Friday, August 29, 2008


When I started undergrad, I knew exactly what I wanted to major in. By the way - it was not engineering, it was a fundamental science. My drive resulted from everyone (except my parents who are the epitome of support in this respect) telling me that I couldn't do it. My high school teachers, most of my high school classmates, and many of my college professors all were very discouraging. But instead of being convinced out of pursuing this field, it actually convinced me even more.

My mom refers to this as my stubborn streak. When I was child, she used to view this in a negative light. Now she agrees it is probably my best asset. Apparently, it is an inherited trait which runs deep in our family.

It definitely got me through undergrad - I was told I couldn't do things so many times I lost count. I could take three lab courses simultaneously. I couldn't take an MBA course. My senior thesis project - it couldn't be done (I did it - it was hard, but it got done). I just shouldn't even bother applying to grad school with my subject GRE score. You know what - I have yet to meet someone who does well on that stupid test!

Then, in grad school, the same cycle repeated. And as an experimentalist, I have to say stubbornness is definitely important. Especially if you think something can be done. I did many experiments that other students had dropped because they gave up. Giving up is lame. Trying the same approach for 1 yr is stupid - but giving up, especially on experiments which can lead to really interesting results, can lead to even more wasted time. It takes a lot of time to come up to speed in a research area, understand the purpose of project and begin experiments. Why not try 2, 5, 10 different approaches to reach the final goal?

Science is about thinking outside of the box and coming up with creative solutions to complex problems, and many of my male colleagues in grad school would stop when the first easy solution failed. If it was easy, it probably would have been done. It is only interesting because it is hard. And finding the solution is part of the fun.

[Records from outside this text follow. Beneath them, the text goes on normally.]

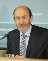 Sollte Rubalcaba tatsächlich zum Nachfolgekandidaten Zapateros ernannt werden, hat er es nicht leicht. Die konservative Partido Popular hatt derzeit 13 Punkte Vorsprung. Und parteiintern hat Rubalcaba im Herbst eine emblematische Schlacht verloren. Er wollte den Madrider Parteichef Tomás Gómez in Urwahlen stürzen, indem er eine enge Vertraute, die damalige Gesundheits- und jetzige Aussenministerin, gegen ihn ins Rennen schickte. Der junge Gómez gewann und erlaubt es sich seither das sozial unausgewogene Sparprogramm der Präsidenten Zapatero und Rubalcaba scharf zu kritisieren./ Foto: Ministerio del Interior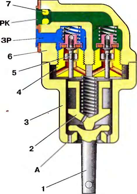 1 - ручка; 2 - толкатель; 3 - стакан; 4 - седло клапана; 5 - клапан; 6 - корпус; 7 - ниппель; А - -атмосферное отверстие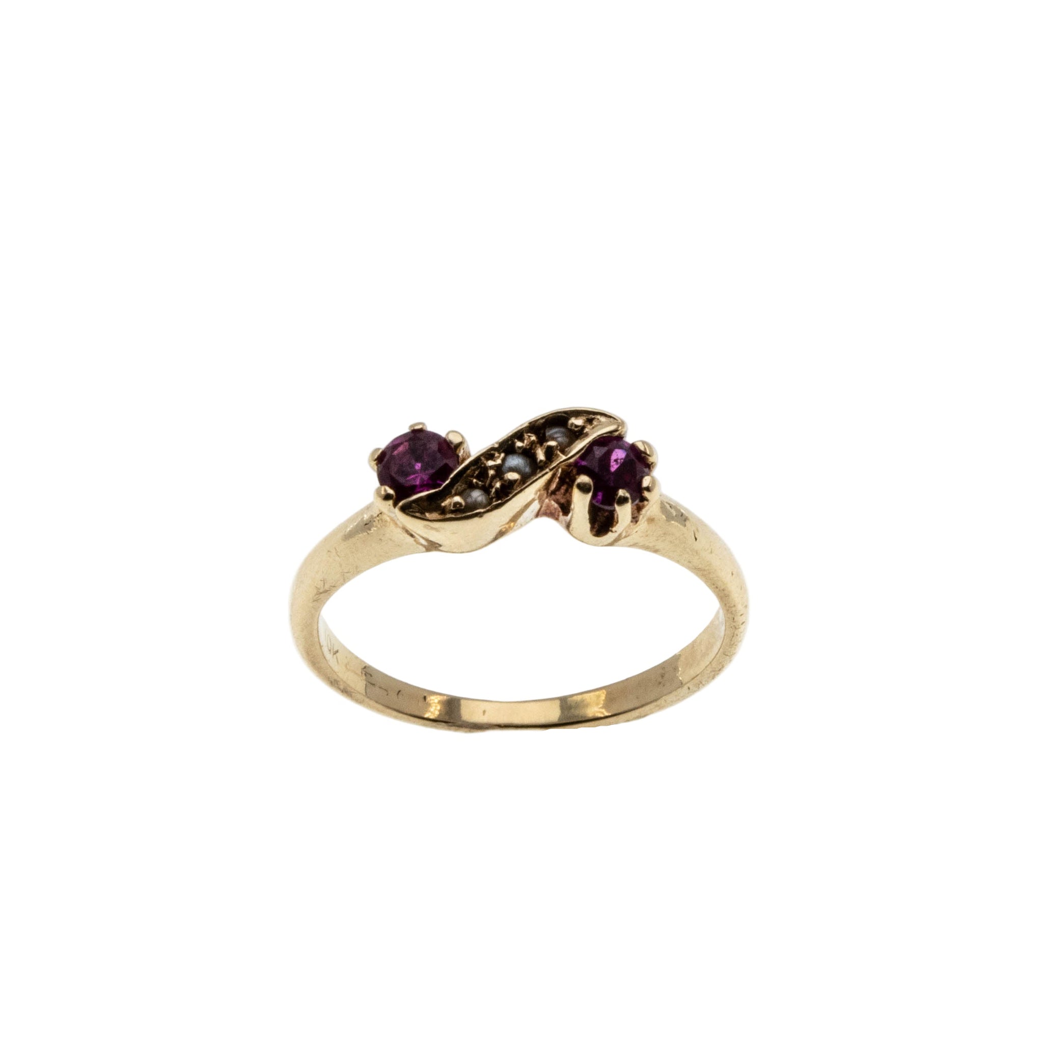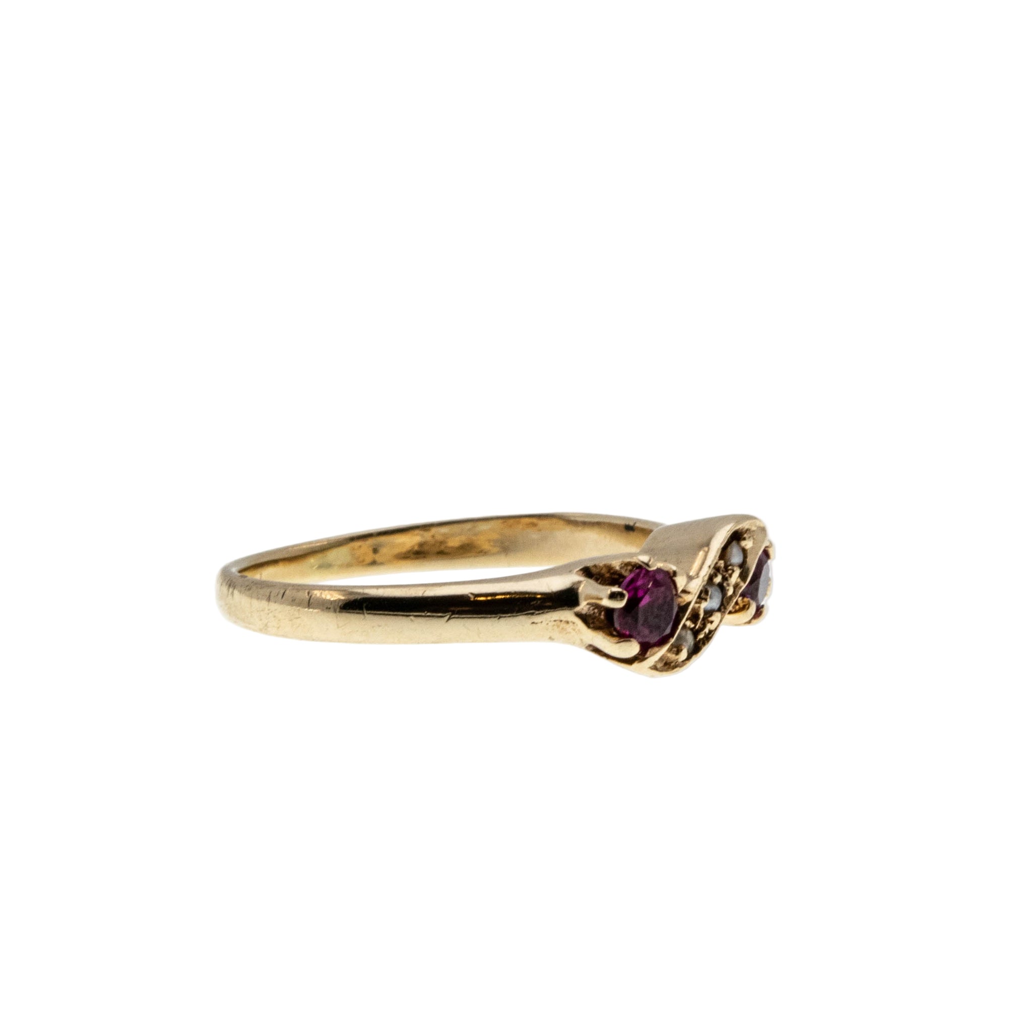 Victorian Sweet - Victorian 10K Gold Ruby & Natural Pearl Ring (VIC180)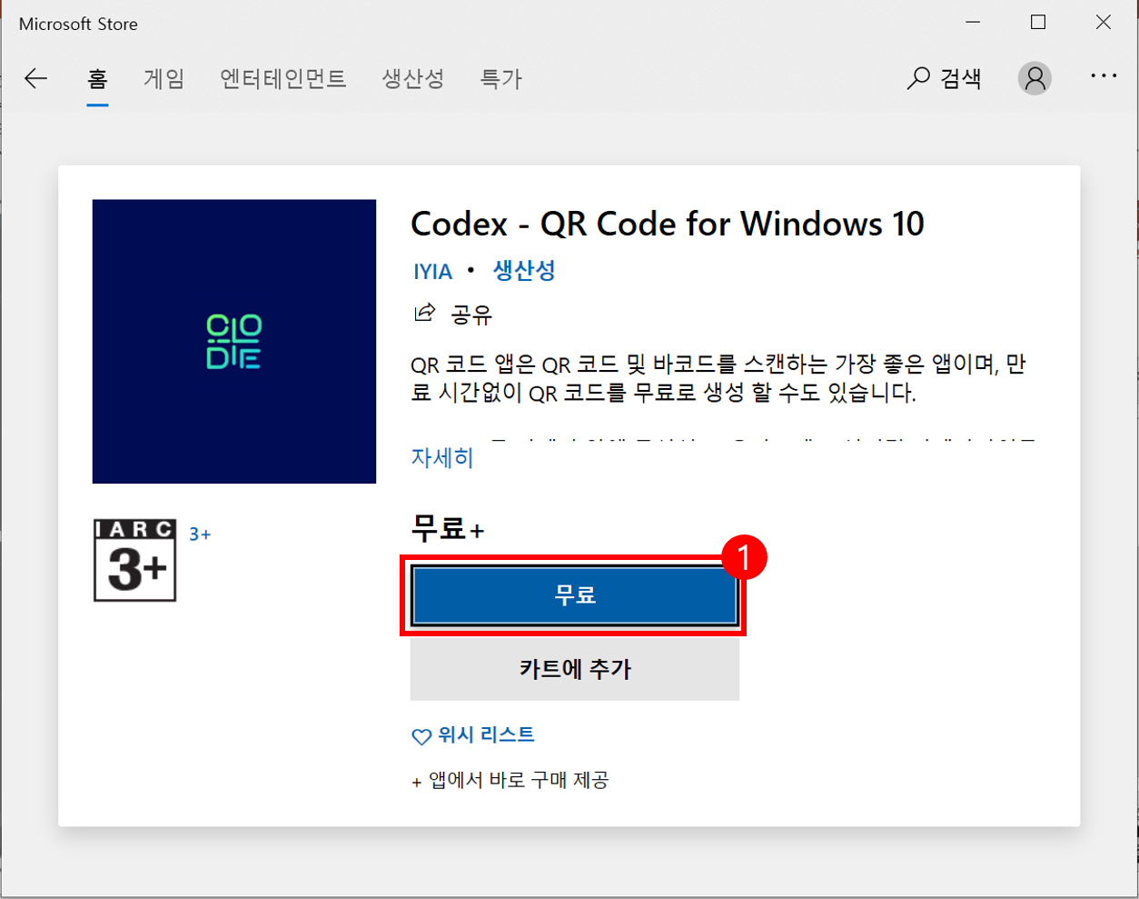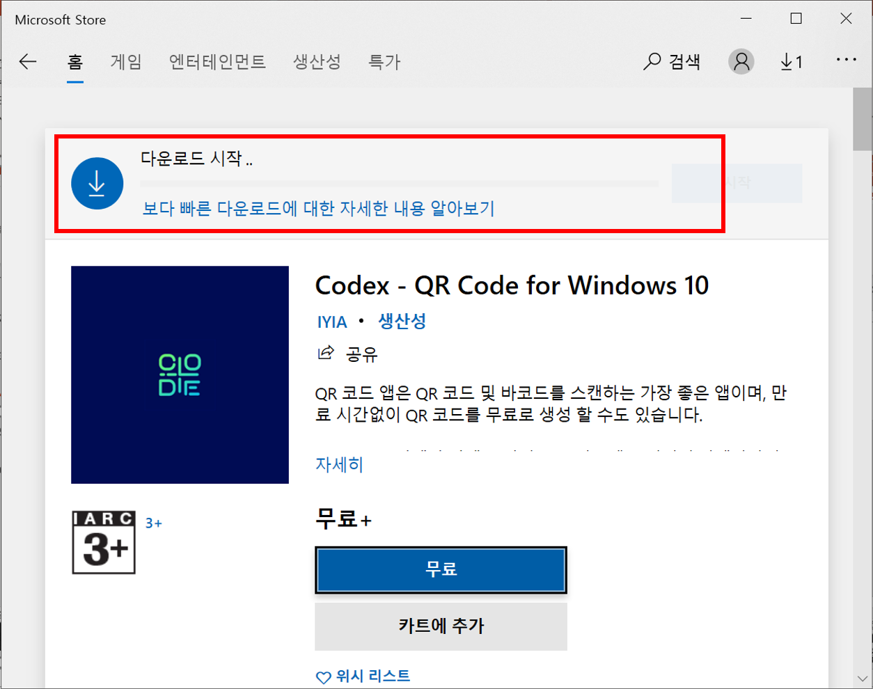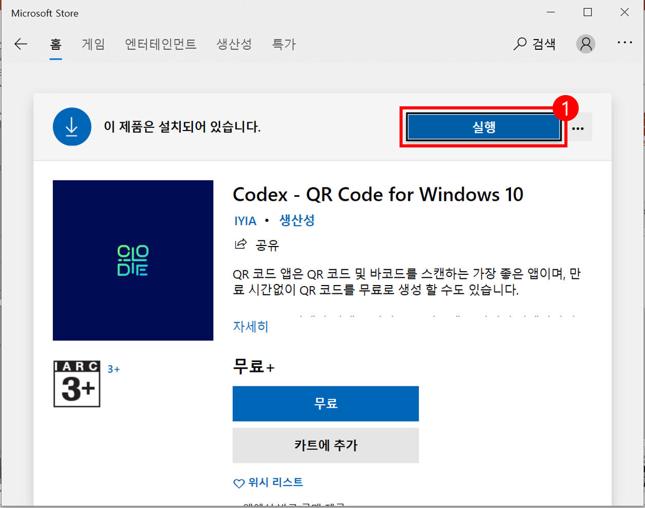검색 창에서 다운로드할 앱을 클릭하면 다운을 받을 수 있는 창으로 넘어옵니다. [무료]를 클릭하면 잠시 동안 다운로드가 진행되며 설치가 완료되면 [실행] 버튼을 클릭해서 바로 애플리케이션을 실행하겠습니다.

Anyway, this only comes up now because I gave one of my students a project in May, which from my perspective sounded easy - everything is easy when you are the advisor. You get to sit in the office and state the beginning and the end, and wait for results. Maybe not that easy, but all of the details, like taking time-points every 2 hrs (I had friends in Biology - I felt so sorry for them), just happen, magically.

In any case, it sounded straight forward, but in June, he began to run into some problems. Reported them, then said he would fix them. Then in July, he had fixed them - he did a literature search, came up with a new solution based on a modification of a method found in literature (which was published in the 1970's), and it worked. Then he characterized his samples using like 10 different methods, and everything triangulated. I'm just so proud of him. Granted, it all worked out in a couple months - but he also works 6 days a week, 12 hrs a day. So for a normal grad student, it probably would have taken much longer.

1 comment:

Anonymous said...

As an another female engineer, I can say that one's stubborn streak is truly a terrific asset!